Imagine if Obama signed the most recent Paul Ryan Budget plan — a blueprint to cut taxes further for the wealthy and further increase the debt by not taking in enough revenues. If Obama embraced it, Republicans would storm the Capitol calling it a tax hike and a Maoist plot with Wall Street. People in tri-corner hats with signs reading, “Don’t raise my taxes!” and “Stop government takeover of business!” would swarm The Mall. The erosion of Medicare would make Republicans faint on the House floor. “It’s a tenet of Marxism to kill grandma!” They’d gasp.
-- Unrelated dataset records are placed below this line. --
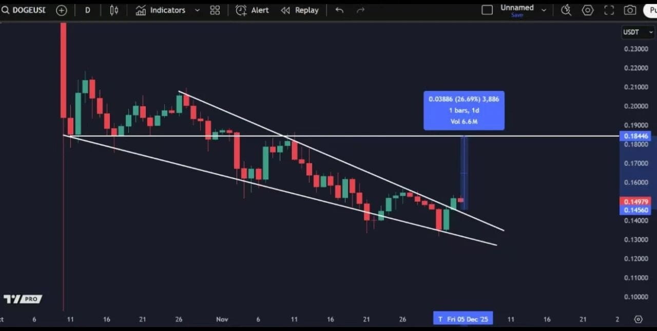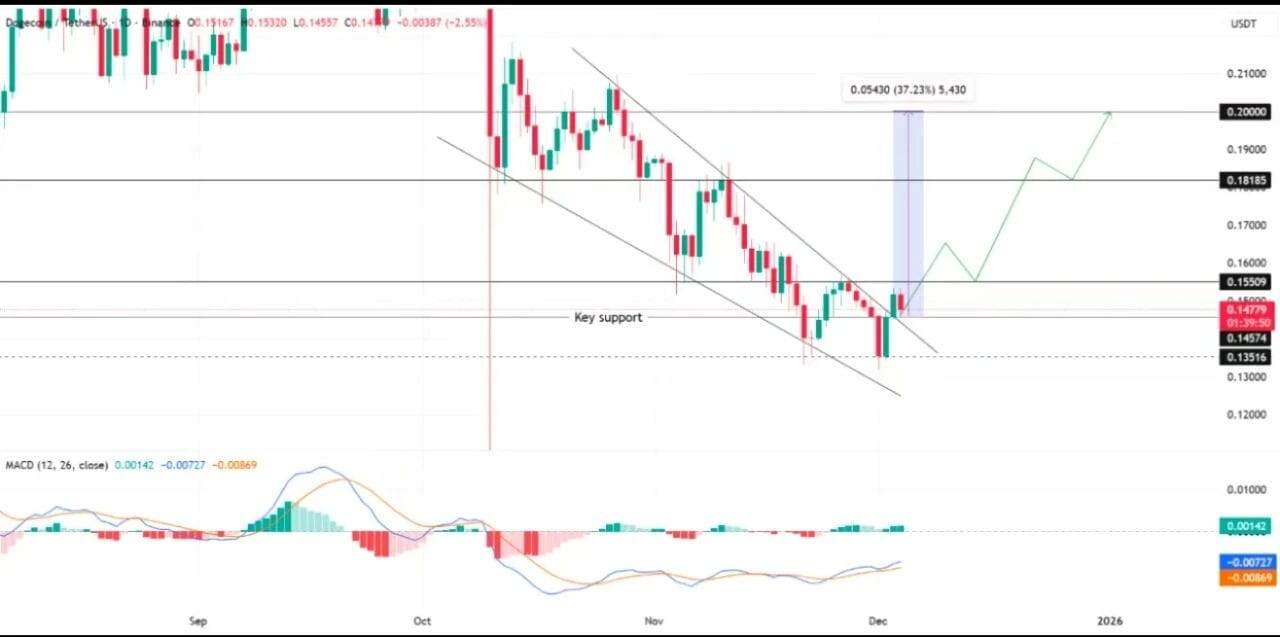From a technical perspective, Dogecoin has successfully broken upward from the daily descending wedge and has retested the upper boundary, forming solid support around $0.145.
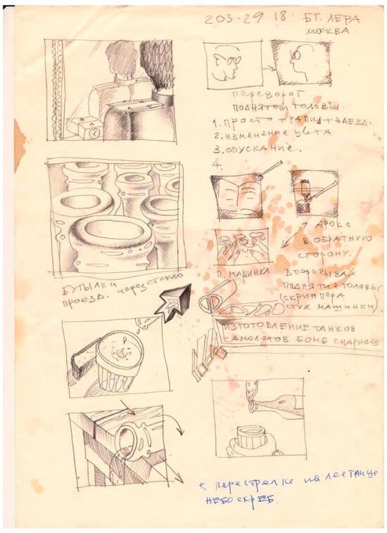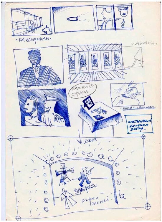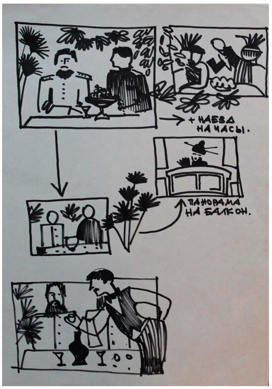Kuriokhin and Debizhev had been acquainted since the early 80s, but their friendship deepened significantly in 1991 when they collaborated on the script for Two Captains 2 at Lenfilm Studios (Figure 8). Their bond was so profound that they remained inseparable until Kuriokhin’s passing in 1996. This collaborative project vividly exemplifies Kuriokhin’s ability to exert influence and reshape creative endeavors across various domains. His musical albums underwent radical transformations, with compositions imbued with novel forms, arrangements, and original sounds often crafted through collaborations with a diverse array of musicians. His charisma and erudition often led to him taking over hosting duties in TV and radio programs, or even rewriting entire scripts for films, a testament to his magnetic presence and unwavering influence over creative processes. As he once remarked, “You see, Sergei, the main thing is not to limit yourself in creative fantasies. If possible, constantly exercise in inventing and developing new, the most unfulfilled, unrealistic and delightful ideas. And when they reach completely absurd proportions, you need to urgently involve people close in spirit, so that they further developed these stories and brought them together with you to the full delirium and schizophrenia. And this is where the strangest thing always starts to happen, that it all starts to work and materialize into reality. That is why you should never stop. And it is necessary to believe that everything you dream of and want can be achieved. The main thing is to believe. And people will help you. And they will follow you”.
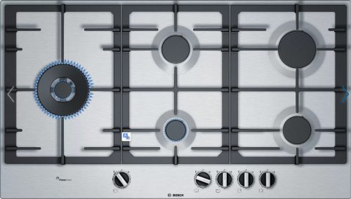 Bosch Serie 6 PCS9A5B90. Colore del prodotto: Acciaio inox, Posizionamento dell'apparecchio: Da incasso, Dimensione della larghezza del piano cottura: 90 cm. Bruciatore piccolo: 1000 W, Bruciatore medio: 1750 W, Bruciatore grande: 3000 W. Tipo di controllo: Manopola, Posizione di controllo: Frontale. Potenza aggregata (elettrica): 1 W, Potenza aggregata (gas): 12500…

Just remember, when George W. Bush took office the budget was set to be balanced in a few short years. Social security was actually its namesake — secure. And then he went uber-GOP-with-a-mandate — didn’t pay for any of the wars he started — just showered seniors with unpaid-for Medicare Part D and sent everyone in the country a rebate check. And when this “free market capitalism” failed? He bailed out the banks and the auto industry with taxpayer money, famously saying he “abandoned free market principles to save the free market system.”

Now? Now the Republicans blame the deficit, the debt, the recession, the bailouts and (wait for it) the wars on the Democrat in the Oval Office.

It’s a take on the Pottery Barn rule, “You break it, you buy it.” The Republican version: “We break it, we blame you ... and call you a Nazi.”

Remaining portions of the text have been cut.